Uncategorized

DataWeb

The last time I heard the term Data Web, was in a presentation made at Stanford, by R.V.Guha. While digging through some articles, I found this interesting intersection between Data Spaces and Information Analytics by Seth Grimes.

My take is that a network of interconnected database environments would make an ideal data web, but one that will never be close to completely realized. The programmer in me says that practical, task-oriented approaches like Grossman's are the way to get stuff done. Regardless of how it's realized, the data-space concept provides an excellent framework for work toward robust knowledge networks.

Data Space is an abstraction to collect data (or reference to data) from multiple sources, in multiple formats and organize it for easy access by indviduals and organization. Currently search engines such as Google serve this function with very little (or no) semantics.
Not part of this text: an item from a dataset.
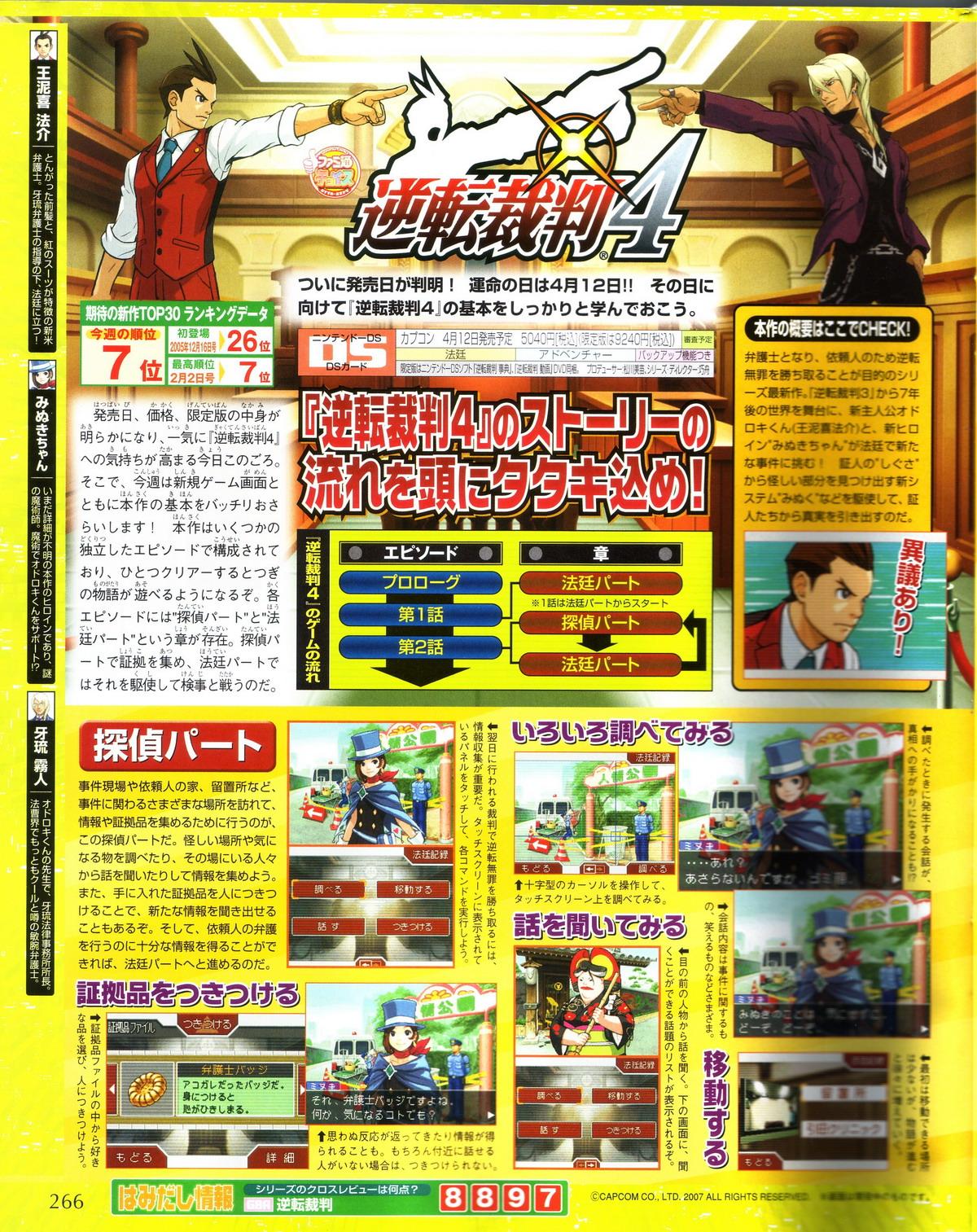Alors que Phoenix Wright 2 n'est même pas sortit en Europe, les Nippons plaideront bientôt sur le 4 :object:

Their analysis acknowledges that much of the information we use is outside our administrative control. It's in someone else's database or files. It's described by someone else's metadata schema (or none at all) and therefore possesses a low level of semantic integration (or common definitions) with other information that interests us. These are the conditions that launched Google and the other search giants. It's hard to find documents and even harder to find meaning, whether on your desktop or on the Internet. Per Franklin, Halevy and Maier, we should move toward data coexistence rather than enforced conformity.

There are several efforts in similar directions. Some of the Semantic Web initiatives propose embedding RDF in HTML and others like Microformats propose a bottom-up method of structuring frequently used data (like people, events, relationships).

While I was Googling for Guha's presentation, I found that he now works for Google.